Нино Импортуна никак не прореагировал на эти слова и спросил с еще большей твердостью в голосе:
— Что вам угодно?
Его темно-карие глаза враждебно глядели на Эллери. По выражению их и по интонации было ясно, что теперь между ними появилось что-то отдающее холодом и смертью, но именно оно и ликвидировало разделяющую их пропасть, крепко привязав друг к другу. Наверное, это появилось не только сейчас. «Может быть, я с самого начала был его противником?»
— Кто наследует вашему брату Джулио, мистер Им-портуна? И кто — Марко? Ведь оба они не были женаты.
— Никто.
— Как — никто?
— Концерн.
— Единственным владельцем которого теперь являетесь вы?
— Разумеется.
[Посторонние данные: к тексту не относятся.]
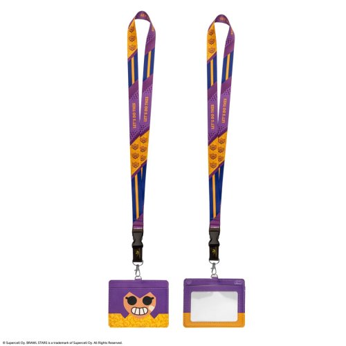 Šňůrka na krk s pouzdrem na kartu s motivem Shelly z populární hry Brawl Stars představuje praktický i stylový doplněk vhodný pro každodenní použití. Pouzdro je vyrobeno z odolného materiálu v zářivých fialovo-oranžových barvách, které zaujmou nejen fanoušky této herní série. Na přední straně pouzdra je výrazná grafika představující obličej postavy Shelly, která je doplněna detaily v podobě výrazných černých brýlí a úsměvu, což dodává celému produktu hravý a výrazný vzhled.

Я — последний из братьев. Последний из всей семьи.
— Я думал Тибальдо — какой-то дальний родственник… Шестиюродиый брат…
— А… Это старая шутка Марко, в которую сам Тибальдо уже почти что поверил. Как-то после одного из визитов Марко в Италию, Марко сделал сестре Тибальдо ребенка. Это было уже несколько лет назад. Чтобы успокоить Тибальдо, Марко определил его к себе в слуги и в то же время много сделал для девочки. Этот пьяный болван вовсе нам не родня. А если вы хотите выяснить, кому выгодна смерть Джулио и Марко, мистер Квин, так ответ один — мне и больше никому.
Они некоторое время неотрывно смотрели друг на друга.
— Отец, — сказал Эллери, не отводя глаз, — в какое время умер Джулио по заключению доктора Праути?
— Около десяти часов. Плюс-минус полчаса.
— Мистер Импортуна, — вежливо осведомился Эллери. — Не могли бы вы нам сказать — разумеется, если не захотите воспользоваться своим правом не отвечать на вопросы — где вы были вчера вечером между половиной десятого и половиной одиннадцатого?
То, что Эллери не повышал голоса и говорил безукоризненно вежливо, в отличие от грубого тона Импортуны, дало ему заметное превосходство, которое миллионер сразу же ощутил. Поэтому он заговорил так же спокойно.
— Питер.
Эннис вскочил на ноги, разбуженный громкими голосами.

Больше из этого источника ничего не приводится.